Revenue was $1.56 billion compared with $1.59 billion a year earlier.
Ameren said it benefited from increased electric delivery and transmission infrastructure investments and from an order by the Illinois Commerce Commission approving recovery of additional costs, which added 4 cents to earnings.
The regulatory climate in Missouri was less favorable, reflecting a reduction in allowable cost recovery for vegetation management, infrastructure investment costs and certain storm costs. The state also reduced return on equity to 9.53% from 9.8%.
Even so, Ameren held firm on its estimated full-year diluted earnings per share of $2.45 to $2.65.
Weather, Integrys Merger Costs Bruise Wisconsin Energy Q1 Earnings
Wisconsin Energy said first-quarter profit fell 6%, citing a warmer winter than a year ago and the costs related to its proposed acquisition of Integrys Energy.

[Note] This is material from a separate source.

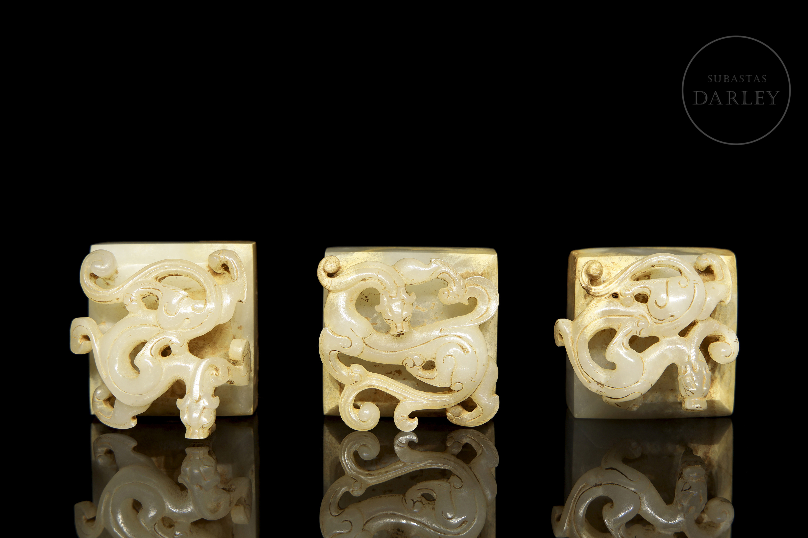 Conjunto de tres sellos de jade blanco "Dragones", dinastía Han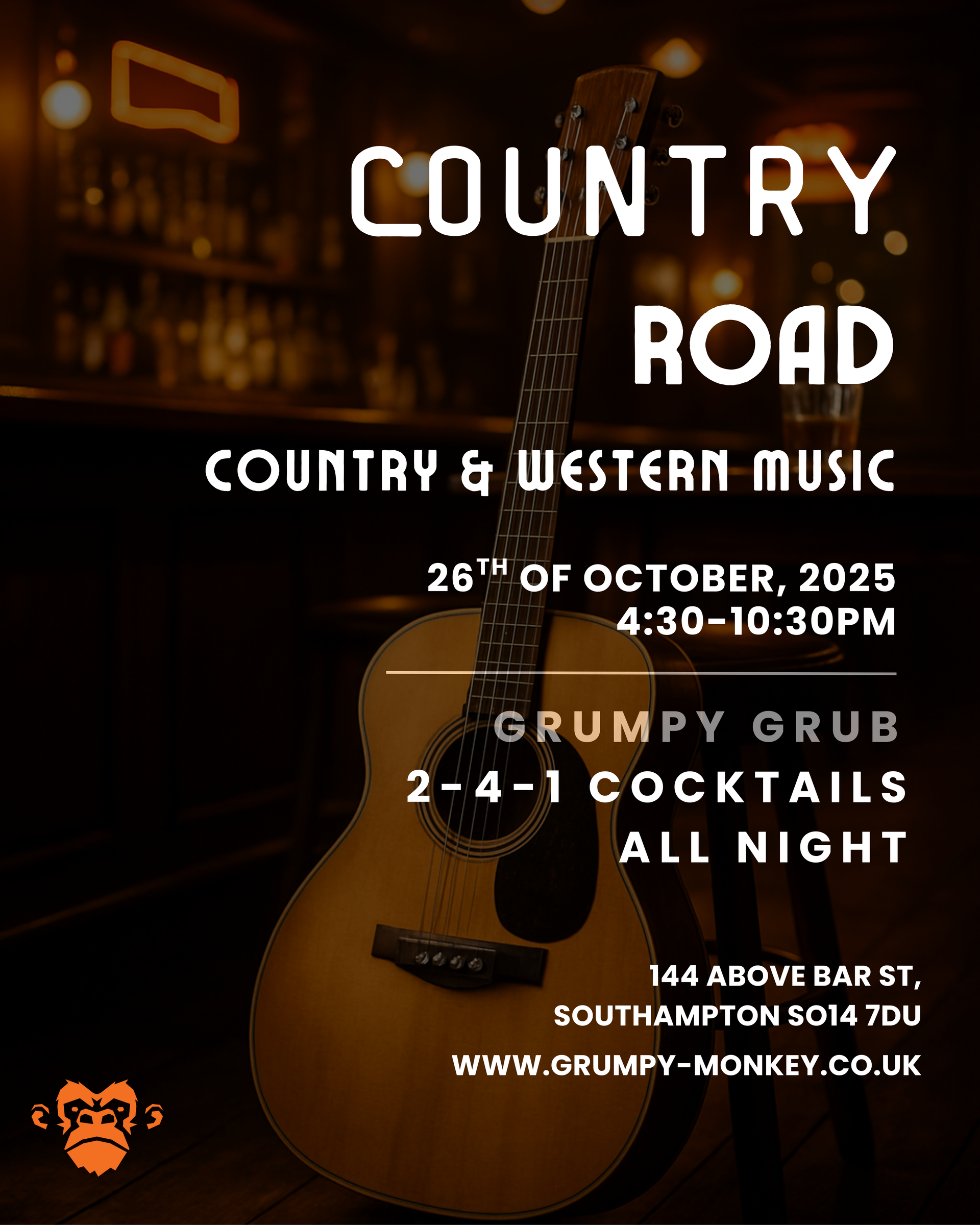 Come along to Grumpy Monkey on the 26th of October and enjoy an evening of country and western music with 2-4-1 cocktails all night as well as our grumpy grub menu!

The company reported net income of $195.8 million ($0.86/share) compared with $207.6 million ($0.91/share) in the first quarter of 2014. Revenues fell 18% to $1.39 billion. The company said 2014 revenues were higher due to the polar vortex and higher spot market prices for natural gas.
The Federal Energy Regulatory Commission and the Michigan Public Service Commission have already approved the Integrys deal. The Wisconsin Public Service Commission last month indicated it will likely approve the deal, to the chagrin of industrial and consumer groups that want Wisconsin Energy to promise specific rate savings to customers as a result of the $9.1 billion merger. Regulators in Illinois and Minnesota have yet to sign off on the deal.
Nuke Charge Slams Xcel Energy’s Q1 Profit
Xcel Energy’s first-quarter net income fell 41% from a year earlier on a milder winter and a $129 million pre-tax loss related to a 2013 upgrade of its Monticello nuclear plant.
The Minneapolis-based company reported a profit of $152 million ($0.30/share) compared with $261.2 million ($0.52/share) in the first quarter of 2014.
Profits took a 16 cents-per-share hit due to the loss stemming from the Monticello project. In 2013, Northern States Power-Minnesota completed a project to uprate the Monticello nuclear facility to 671 MW from 600 MW, at a cost of $748 million.
That was more than a 2008 estimate of $320 million. The Minnesota Public Utilities Commission completed a prudence review in March, determining that $333 million of the costs must be recovered over the life of the project.
Revenues of $2.96 billion were down 7.5% from the same quarter last year, largely on milder winter weather that reduced consumption.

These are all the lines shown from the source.